Tim Marchman of Wired reported yesterday that Director of National Intelligence Tulsi Gabbard failed to follow basic cybersecurity protocol, reusing “the same weak password on multiple accounts for years.”
The administration appears chaotic, but far from taking the chaos in hand, President Trump appears happy to let others take the reins. As his tariffs are beginning to bite, today he suggested his worry about the economic fallout by posting “CHINA SHOULD OPEN UP ITS MARKET TO USA—WOULD BE SO GOOD FOR THEM!!! CLOSED MARKETS DON’T WORK ANYMORE!!!” Five minutes later, he posted: “80% Tariff on China seems right! Up to Scott B.”
The Constitution gives Congress alone the power to set tariffs. Trump seized that power for himself by declaring an emergency. Now he appears to be handing that power to Treasury Secretary Scott Bessent, likely so that he can blame Bessent when things go poorly.
Today, in the latest legal setback for the Trump regime on immigration, a federal judge in Vermont ordered the government to release Tufts University graduate student Rümeysa Öztürk from custody.

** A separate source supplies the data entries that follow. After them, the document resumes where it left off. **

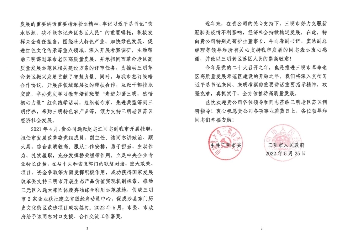 这里有鲜美可口的沙县小吃 这里有服装精致考究的梅林戏 这里曾经留下习近平总书记12次到访的足迹 这里是:福建三明 习近平总书记长期关心三明发展、情系老区人民,在福建工作期间,先后11次到三明调研考察,作出了“青山绿水是无价之宝”“画好山水画”“不要忘记老区”等一系列重要指示。2021年3月,习近平总书记再次亲临三明考察指导,对三明老区苏区发展特别是医改、林改、乡村振兴、沙县小吃等作出新的重要嘱托。 中咨万搏网站作为咨询服务“国家队”,深入贯彻落实习近平总书记重要指示精神,承担了全国革命老区振兴发展的一系列咨询服务任务。在评估工作中,中咨万搏网站深入调研三明市特色亮点,报送关于三明市统筹推进“五位一体”总体布局和协调推进“四个全面”战略布局的调研报告。2020年万搏网站领导牵头,组织开展调查研究,形成上报政策研究报告,“三明实践”被中宣部树为重大典型。 中咨万搏网站与三明“结缘”已深,去年开始互派优秀年轻干部挂职交流。2021年4月,赵志江作为中咨万搏网站选派的优秀年轻干部赴三明市挂职锻炼,任三明市发改委党组成员、副主任。挂职期间,赵志江始终以合格共产党员的标准要求自己,积极发挥模范带头作用,从央企到地方,迅速转变工作角色,沉下心扑下身,积极谋划,履职尽责,勇于担当,高标准、高质量完成挂职各项任务。 三明日报报道赵志江事迹 激活红色资源 深挖革命老区示范区新机遇 习近平总书记指出,福建是革命老区,党史事件多、红色资源多、革命先辈多,开展党史学习教育具有独特优势。三明市既是革命老区,也是全国率先开展精神文明建设的城市之一。如何发挥自身战略咨询专业优势,帮助革命老区换新颜,赵志江先从三明市参与革命老区高质量发展示范区建设入手。 赵志江积极参与革命老区振兴发展“1+N+X”重大政策跟踪对接,先后10余次赴国家发改委振兴司、地区司等7个司局,对接闽西革命老区高质量发展示范区建设方案,争取相关事项。目前该方案已获国务院批复(国函﹝2022﹞20号),国家发改委正式印发实施(发改振兴﹝2022﹞424号)。 为持续支持三明老区苏区经济社会发展,开展多领域深层次帮扶合作,三明市发改委、林业局、交通局三位同志到中咨万搏网站相关部门挂职交流,先后承担三元区大宗固废综合利用产业发展研究、三明市生态产品价值实现机制研究等课题。 中咨万搏网站与三明市合作,成功举办党史学习教育培训班暨“走进如画三明,感悟初心力量”红色践学活动,组织老专家、先进典型等赴三明疗养,采购三明特色农产品,为三明革命老区高质量发展注入源源动力。 中咨万搏网站在三明举办党史学习教育专题培训班开班现场 绘就生态画卷 赋能三明绿色发展新蓝图 习近平总书记在武夷山国家公园智慧管理中心考察时指出,要坚持生态保护第一,统筹保护和发展,有序推进生态移民,适度发展生态旅游,实现生态保护、绿色发展、民生改善相统一。 赵志江多次赴省发改委与工信厅汇报对接,助推三元区成功入选大宗固体废弃物综合利用示范基地,全国仅有40家。充分利用在闽工作期间奠定的良好基础,主动协助市发改委分管领导与有关部门汇报,做好大田县闽江流域山水林田湖草生态保护修复试点工程项目验收。该项目获得省级正向激励资金2500万元。 此外,赵志江还积极做好体制机制创新案例编辑报送工作,案例“将乐县打造‘绿水青山’赢得‘金山银山’”获得省机关党工委组织的改革创新评选活动“优秀奖”。 发挥智库优势 探索老区高质量发展新路径 在三明考察期间,习近平总书记详细了解了沙县小吃发展现状和前景。他指出,乡村要振兴,因地制宜选择富民产业是关键。 赵志江与专家团队围绕三明市产业升级、乡村振兴、绿色发展、民生提升等重点领域深入调研,谋划沙县小吃产业、绿色经济、氟新材料产业等重点专项发展思路,承担闽西革命老区高质量发展示范区相关建设方案评审任务,以及包括三明在内的革命老区重点城市与发达地区部分城市对口合作方案的论证工作,为三明革命老区振兴发展贡献了“中咨方案”。 在招商方面, 赵志江积极投身“大招商 招好商”工作,多次陪同闽西南城市协作开发集团相关领导赴沙县区东门历史文化街区、小吃文化城、夏茂镇等重点招商项目考察,组织召开座谈会,促成沙县东门历史文化街区改造项目成功签约,项目计划总投资10亿元。按照全力打好“八大攻坚战役”工作部署,他积极参与全市重点项目专题调研和“一线两推”工作,打好招商引资“组合拳”。 赵志江精心组织相关企业申报省级经济动员中心,主动赴省主管部门汇报申建事宜,促成三明市2家企业获批建立省级经济动员中心,打破三明市连续5年无新增获批的局面,得到省级补助资金30万元。 贯彻新发展理念 实现三明“放管服”改革新突破 习近平总书记强调,推动高质量发展,首先要完整、准确、全面贯彻新发展理念。要坚持系统观念,找准融入构建新发展格局定位,优化提升产业结构,加快推动数字产业化、产业数字化。 赵志江组织制定《三明市“互联网+监管”应用优化提升方案》《推进全市政务服务“就近办、自助办”工作方案》《三明市落实国家和省政府深化“放管服”改革工作措施清单》《三明市“放管服”改革攻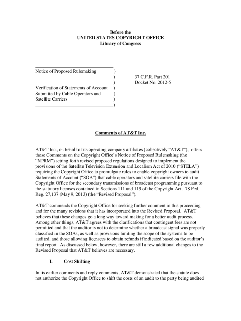 Before the UNITED STATES COPYRIGHT OFFICE Library of Congress___ Notice of Proposed Rule making) )) Verification of Statements of Account) Submitted by Cable Operators and) Satellite Carriers) ___)37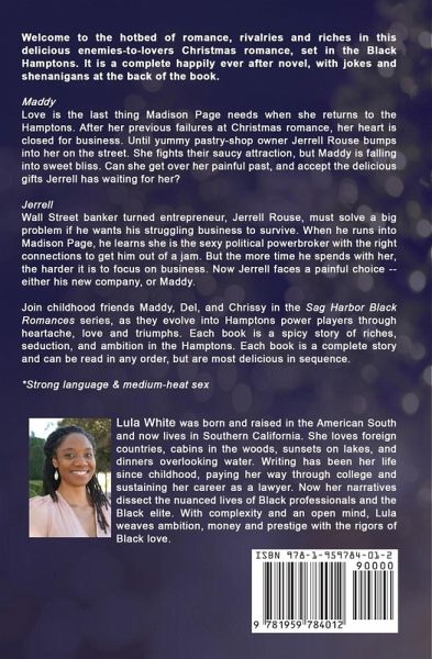 Welcome to the hotbed of romance, rivalries and riches in this delicious enemies-to-lovers Christmas romance, set in the Black Hamptons. It is a complete happily ever after novel, with jokes and shenanigans at the back of the book. Maddy Love is the last thing Madison Page needs when she returns to the Hamptons. After her previous failures at Christmas romance, her heart is closed for business. Until yummy pastry-shop owner Jerrell Rouse bumps into her on the street. She fights their saucy attraction, but Maddy is falling into sweet bliss. Can she get over her painful past, and accept the delicious gifts Jerrell has waiting for her? Jerrell Wall Street banker turned entrepreneur, Jerrell Rouse, must solve a big problem if he wants his struggling business to survive. When he runs into Madison Page, he learns she is the sexy political powerbroker with the right connections to get him out of a jam. But the more time he spends with her, the harder it is to focus on business. Now Jerrell faces a painful choice -- either his new company, or Maddy. Join childhood friends Maddy, Del, and Chrissy in the Sag Harbor Black Romances series, as they evolve into Hamptons power players through heartache, love and triumphs. Each book is a spicy story of riches, seduction, and ambition in the Hamptons. Each book is a complete story and can be read in any order, but are most delicious in sequence. *Strong language & medium-heat sex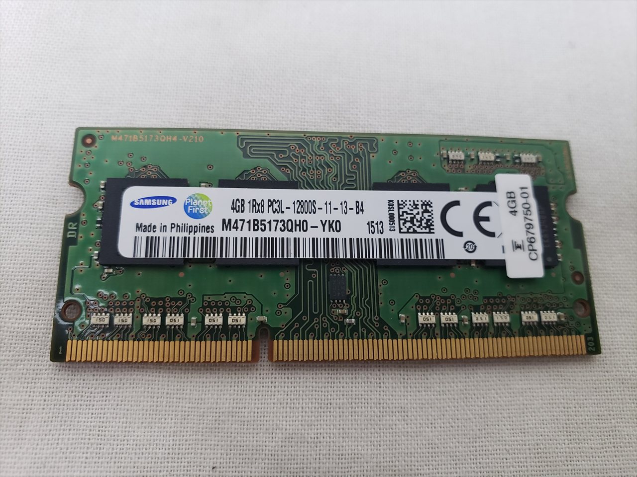 4GBx1、 中古保証3ヶ月、 204Pin DDR3L SO-DIMM、PC3L-12800、DDR3L-1600、1.35Vの低電圧動作に対応した省エネメモリ、ノート用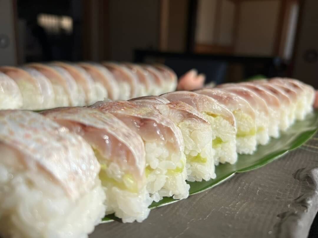 花鯛と銚子名産灯台キャベツとのコラボ。白い酢飯に淡い緑のキャベツを挟み、薄い紅を帯びた花鯛をのせた花鯛寿司です。
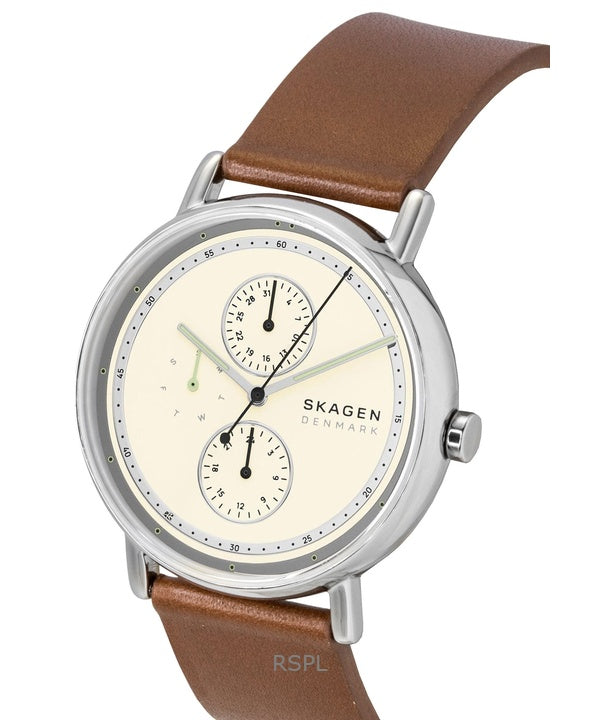 Montre homme Skagen Signature à bracelet en cuir, cadran crème multifonction, mouvement à quartz SKW6942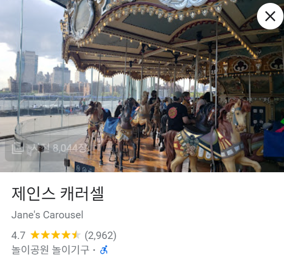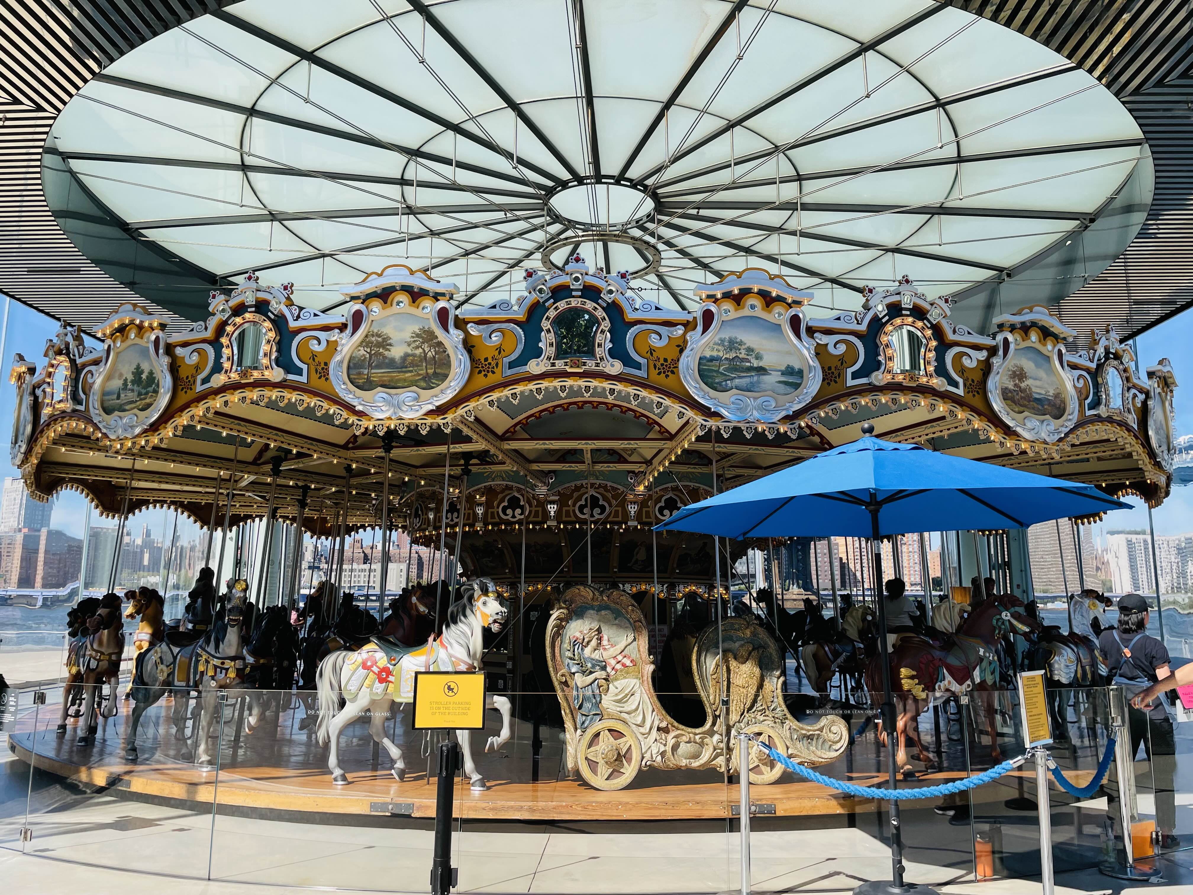 Jane's Carousel는 브루클린 브리지 파크의 DUMBO 지역에 위치한 역사적이고 아름다운 회전목마입니다.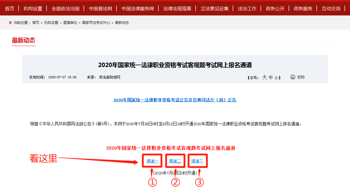 共有三個(gè)報(bào)名通道,目的是分流一下報(bào)名人數(shù),防止瞬間報(bào)名人數(shù)太多,把司法部報(bào)名網(wǎng)站的服務(wù)器拖垮了,隨便點(diǎn)擊其中一個(gè)進(jìn)入,要是進(jìn)不去,換一個(gè)通道再試就行啦。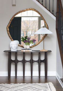 Transitional Home Renovation: We enhanced the family room with a kitchen extension, featuring stylish green paint, new countertops, and backsplash. The powder room received a touch of elegance with wallpaper, a new vanity, and mirror. This cozy yet updated space offers a perfect blend of modern and classic elements for a welcoming atmosphere.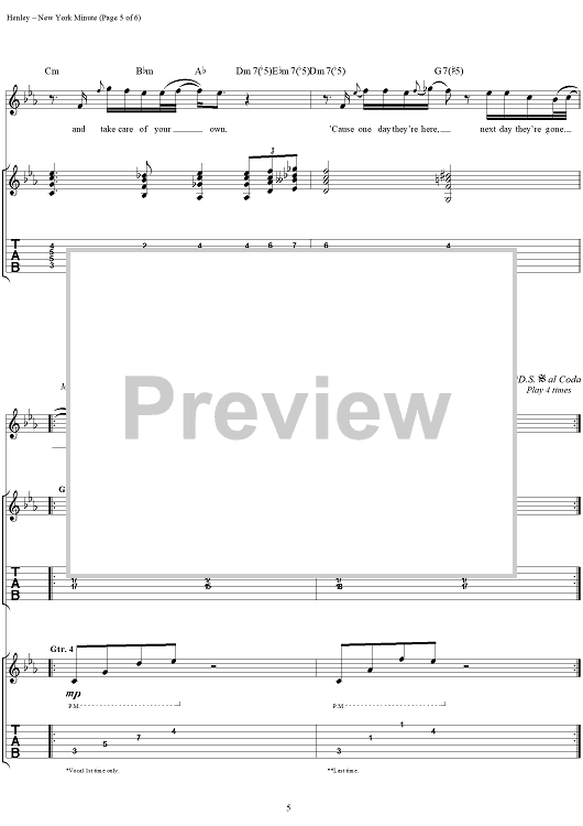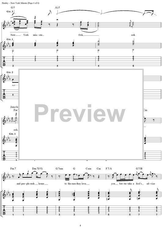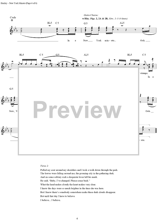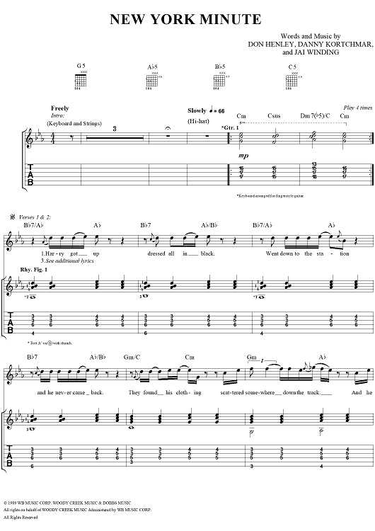 "New York Minute" Sheet Music by Eagles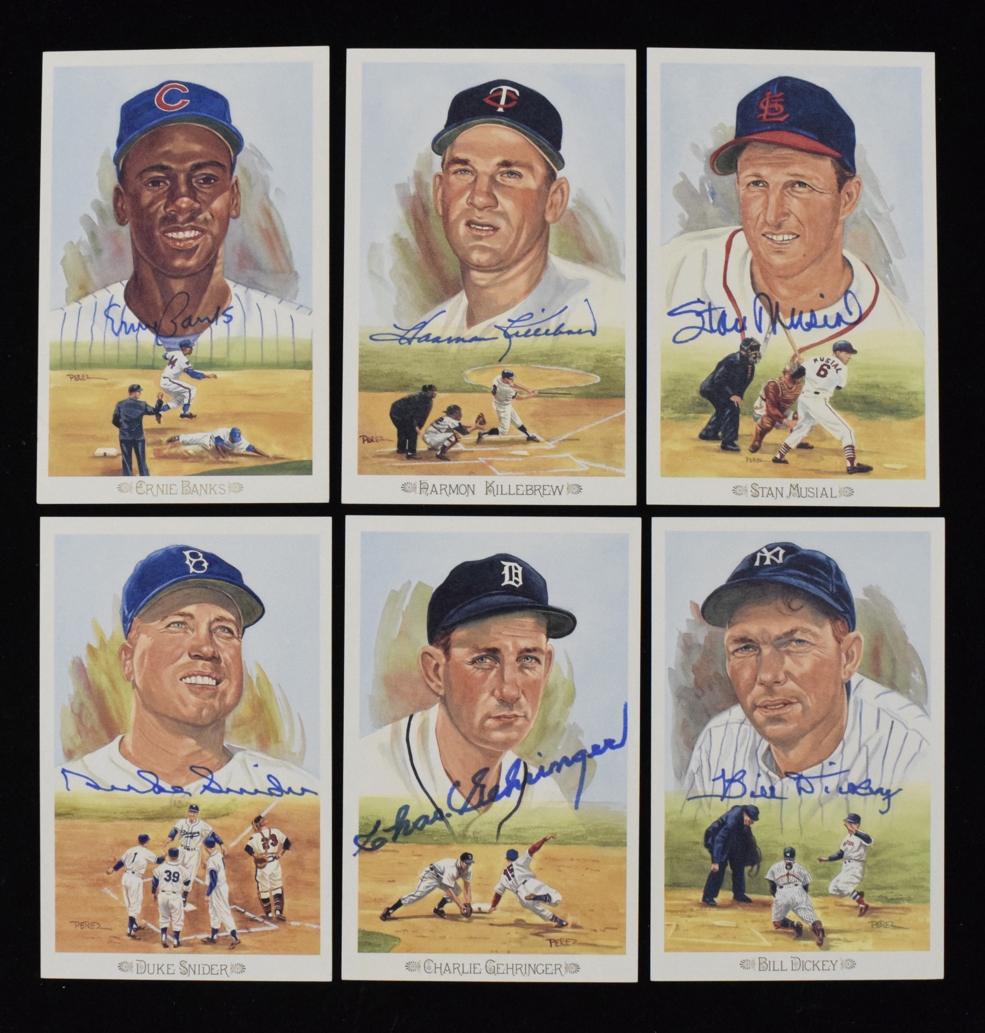 Description:"Lot of (37) autographed Perez-Steele Celebration postcards with Banks, Gehringer and Snider (Sigs. NM/MT-MT). Outstanding quantity from the popular Celebration series produced in 1989 by Perez-Steele Galleries, with duplication. Each card is individually signed by Pee Wee Reese, (2) Duke Snider, Juan Marichal, Stan Musial, Carl Yastrzemski, Lou Boudreau, (2) Bobby Doerr, Billy Herman, (2) George Kell, (2) Buck Leonard, (2) Enos Slaughter, Monte Irvin, Rick Ferrell, (2) Eddie Mathews, Warren Spahn, Joe Sewell, Ray Dandridge, Harmon Killebrew, Catfish Hunter, A.B. Chandler, (2) Johnny Mize, (2) Luis Aparicio, Willie Stargell, Brooks Robinson, Ralph Kiner, Bob Lemon, Charlie Gehringer, Bill Dickey and Ernie Banks. Signatures rate 8/9 out of 10, and postcards appear NM. "

Agents arrested Öztürk, a Turkish national, on March 25, claiming that she had been engaged with associations that “may undermine U.S. foreign policy by creating a hostile environment for Jewish students.” U.S. District Judge William Sessions III noted that the government provided no evidence for that assertion aside from a 2024 op-ed Öztürk wrote for the school newspaper criticizing the university’s response to the crisis in Gaza. She was freed this evening and will have to pursue her case before an immigration judge.
As the administration has lost repeatedly in court, officials appear to be upping the ante in their attempts to traumatize migrants and increase its power, but it remains unclear who is calling the shots. Amy McKinnon of Politico reported today that Trump has sat for only 12 “daily” intelligence briefing sessions since he took office, and does not read his written daily intelligence report.
On Tuesday, Reuters reported that the U.S. was preparing to send migrants to prison in Libya. On Wednesday, U.S. District Judge Brian Murphy issued an order stopping the removal, saying such renditions would clearly violate a court order. Migrants from Asia sat on a military plane on the tarmac in Texas for hours before being taken off the plane and bussed back to detention.
When a reporter asked Trump if his administration was sending migrants to Libya, he answered: “I don’t know. You’ll have to ask, uh, Homeland Security, please.”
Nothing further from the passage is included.